Rian mendengkus kesal. Berjalan ke tempat tidur. Meraba setiap inci seprai. Memeriksa bantal dan guling. Membuka semua laci lalu kembali ke hadapan Tiara. “Minggir.”
Pria itu membuka lemari kanan. Memeriksa semua pakain Tiara yang tergantung. Lalu memeriksa pintu kiri. Mengeluarkan semua pakaian Tiara yang sudah terlipat rapi. Tiara hanya bisa menghela nafas. Mengambil semua pakaiannya lalu meletakan di tempat tidur. Saat berbalik, Tiara melihat Rian jongkok. Tubuh suaminya seperti mematung dengan pandangan tertuju pada kotak berisi foto pernikahan mereka.
Jantung Tiara berdegup kencang. Dia takut Rian akan membuka kotak itu. Keringat dingin mulai membasahi tangannya. Tiara terus menatap Rian yang masih diam di tempat yang sama. Tiba-tiba saja Rian berdiri lalu keluar kamar. Tidak menyentuh kotak itu sama sekali.
“Alhamdulillah,” ucap Tiara lega.
Tiara melipat semua pakaiannya selama satu jam. Menatanya kembali seperti semula. Pandangan Tiara tertuju pada kotak itu. Dia membuka kotak lalu mengambil album pernikahan. Tiara duduk di tepi tempat tidur. Membuka satu per satu foto yang menampilkan betapa bahagianya mereka sebagai pengantin baru. Di halaman terakhir adalah foto peringatan hari jadi pernikahan Rian dan Tiara yang kesembilan tahun.
Rian mengusulkan agar mereka memakai baju pernikahan yang berbeda. Tidak lupa mendadani Anggrek dan Lily dengan pakaian serupa. Mengambil foto bersama sebagai kado pernikahan kesembilan. Wajah mereka sangat ceria di foto itu. Sembilan tahun pernikahan yang sangat indah hingga sikap Rian tiba-tiba saja berubah.
Masih terekam dengan jelas dalam ingatan kejadian empat tahun lalu. Hari itu Tiara menemani Anggrek dan Lily menonton TV di lantai satu. Jarum jam sudah menunjukkan pukul delapan malam. Namun Rian tidak kunjung pulang. Hingga jam menunjukkan pukul setengah sepuluh, tidak terdengar suara mobil suaminya.

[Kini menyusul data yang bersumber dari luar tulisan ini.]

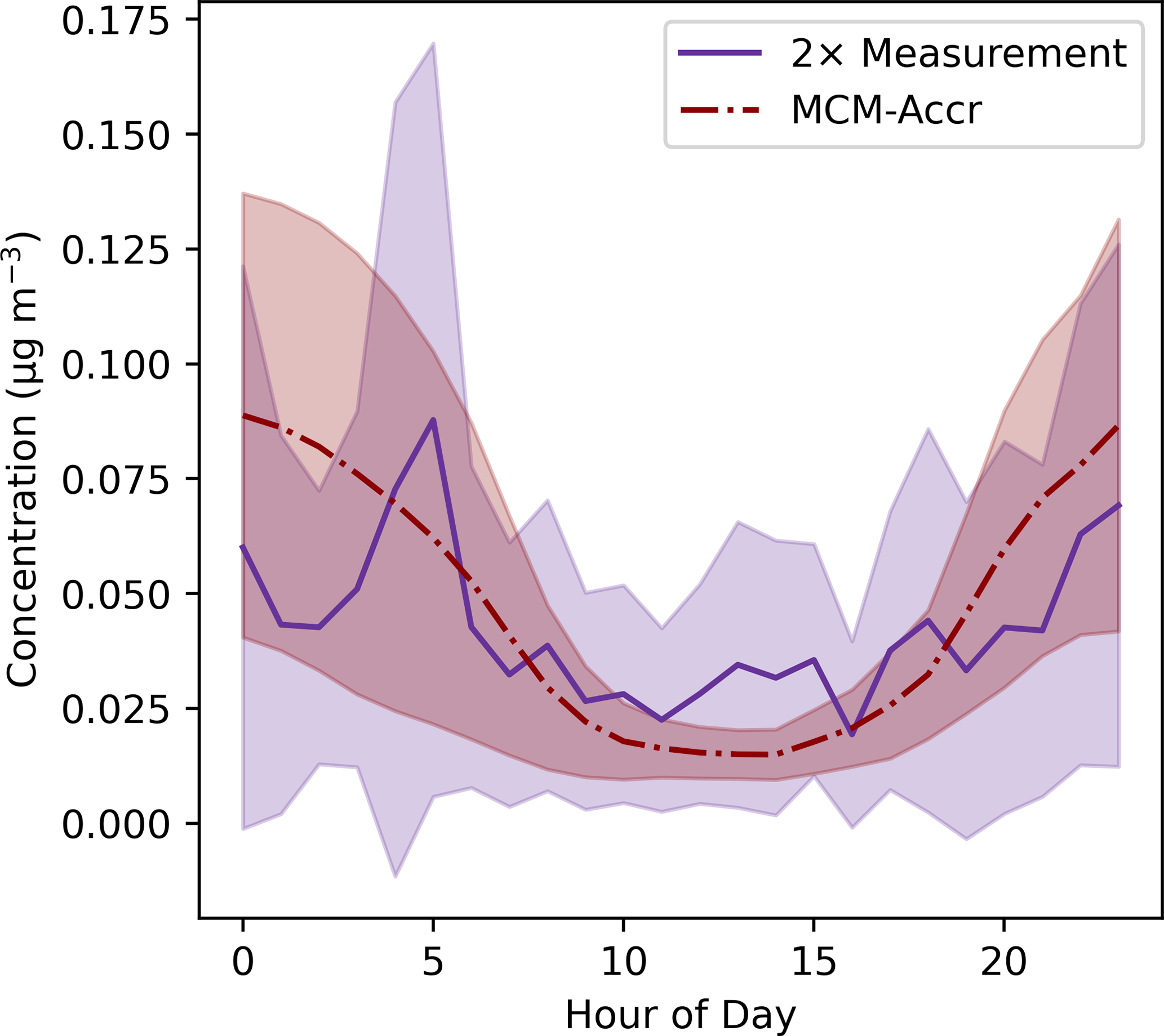 Comparison between the SOAS box model results and the measurements made with FIGAERO-CIMS allows for an approximate assessment of the accuracy of the modelled accretion product concentrations. As noted in previous work, the calibration of I−-CIMS can vary by orders of magnitude depending on the structure of organic compounds (Lee et al., 2014; Mayhew et al., 2022), making it difficult to provide an accurate comparison between the modelled and measured accretion products, for which no calibration standards are available. Suspected accretion products detected with the I−-CIMS were calibrated using a maximum sensitivity approach, meaning the reported concentrations are the minimum possible concentration corresponding to the measured signal. This is potentially amplified by the possibility of thermal decomposition of some species, resulting in lower measured concentrations. The ratio of the mean modelled concentration and mean measured concentration was calculated for each identified accretion product signal over the course of the measurement campaign. These campaign-average ratios showed that the mean ratio value was 4.6, the median 1.6, the maximum 37, and the minimum 0.015. 19 of the 41 signals used in this analysis shows an average model-to-measurement ratio over the course of the campaign of less than one, with 14 showing an average ratio of less than 0.5, indicating an underprediction for these species against the maximum sensitivity calibration used. Accounting for the relative abundance of each accretion product, by calculating the total sum of the concentration of selected accretion products in the models and measurements, demonstrates that the modelled concentrations are generally around two times larger than the measurement (Figs. 3, S8). The mean ratio over the course of the campaign is much higher than 2, at 14.9, because of a large over-prediction between the 25 and 29 June. The median ratio is 2.17 and the root-mean-squared error, normalised to the mean measured value (NRMSE), is 1.97. This offset of two times is consistent with the maximum sensitivity calibration and is within the range of sensitivity differences for organic species measured by I−-CIMS (Lee et al., 2014). However, it should be highlighted that the uncertainties in such calibrations preclude an accurate analysis of the model's ability to predict accretion product concentrations. The diurnal average profile of the measured and MCM-Accr data show similar trends, with higher night-time concentrations. However, the modelled diurnal is stronger than that observed with I−CIMS. This may suggest that the representation of physical processes in the box model are either removing species to quickly during the day, or not quickly enough at night, particularly for aerosol-phase accretion products.

Saat itu Tiara sudah berada di kamar Anggrek dan Lily. Usia mereka baru delapan tahun dan tiga tahun.
“Kapan Ayah pulang Bu?” tanya Lily sambil memandang jarum jam yang terus bergerak.

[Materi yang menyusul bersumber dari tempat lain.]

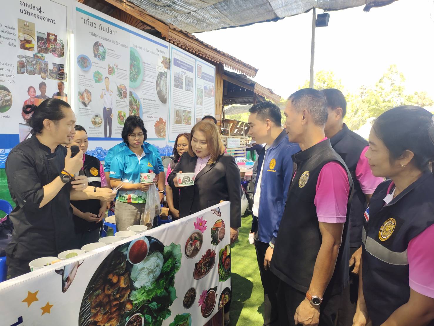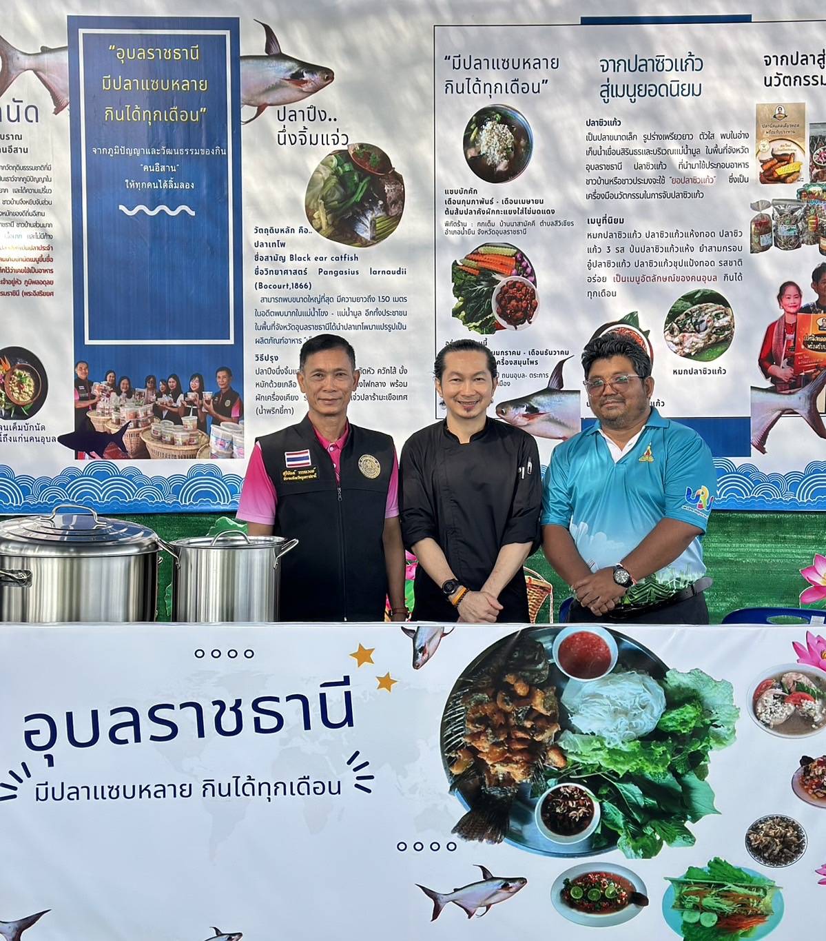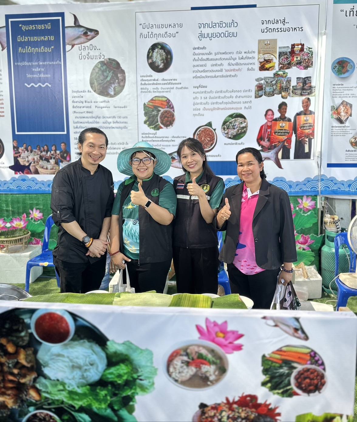 นายสุริยันต์ วรรณวงษ์ ประมงจังหวัดอุบลราชธานี กล่าวว่า สำหรับการจัดงานเกษตรอีสานใต้ ประจำปี 2567 ภายใต้แนวคิด “เทคโนโลยีและนวัตกรรมเกษตรแม่นยำสู่เกษตรไทยมูลค่าสูง” สำนักงานประมงจังหวัดอุบลราชธานี ในฐานะหน่วยงานสังกัดกรมประมงในพื้นที่ จัดแสดงนิทรรศการในรูปแบบ นิทรรศการมีชีวิต ได้แก่ จัดแสดงสัตว์น้ำจืดเศรษฐกิจ ปลาบึก ปลากดคัง ปลาสวาย ปลาสวยงามเศรฐกิจ การเลี้ยงปลาดุกด้วยระบบ Biofloc และบอร์ดนิทรรศการแสดงข้อมูลทางวิชาการการเพาะเลี้ยงสัตว์น้ำเชิงพาณิชย์ โดยใช้เทคโนโลยีและนวัตกรรม (การเลี้ยงปลาทับทิม ปลานิลในบ่อผ้าใบ (PE) ตลอดจนการสาธิตการทำและชิมอาหารโดยที่มีชื่อเสียง “เชฟเปี๊ยก สง่า จันทร์จวง” ที่มารังสรรค์เมนูจากภูมิปัญญาท้องถิ่น โดยใช้วัตถุดิบจากปลาเทโพ (ปลาปึ่ง ปลาประจำจังหวัดอุบลราชธานี) ในชื่อเมนู ผ้าขาวม้าห่มมัจฉา เกี๊ยวแป้ง 2 สี ห่อใส้ลาบปลาดุกย่าง ผสมปลารมควัน ท็อปด้วยไข่ปลาแซลมอน ราดด้วยซอสหลนเค็มบักนัด “วัตถุดิบหลัก”ปลาดุก ใช้ทำลาบ ห่อเกี๊ยวเป็นลาวิโอลี่แบบอิตาเลี่ยน โดยจะมีส่วนผสมของแป้งข้าวเหนียวซึ่งในพื้นที่จะมีการเพาะปลูกข้าวเหนียวอยู่แล้ว  และปลาดุกภายใต้แนวความคิด “อุบลราชธานี มีปลาแซบหลาย กินได้ทุกเดือน” รวมทั้งการนำสถาบันเกษตรกรดีเด่นแห่งชาติ

“Mungkin tengah malam Dek. Tadi Ayah kirim pesan kalau harus lembur malam ini.” Tiara memegang lehernya bingung. Kebiasaannya jika berbohong.
“Tumben Ayah lembur Bu. Biasanya kalau ada pekerjaan dibawa pulang. Aku dan Lily sering bermain di ruangan Ayah kalau sedang bekerja di rumah.” Kening Anggrek mengkerut heran. Di usia delapan tahun, Anggrek termasuk anak yang kritis, peka dan banyak bertanya.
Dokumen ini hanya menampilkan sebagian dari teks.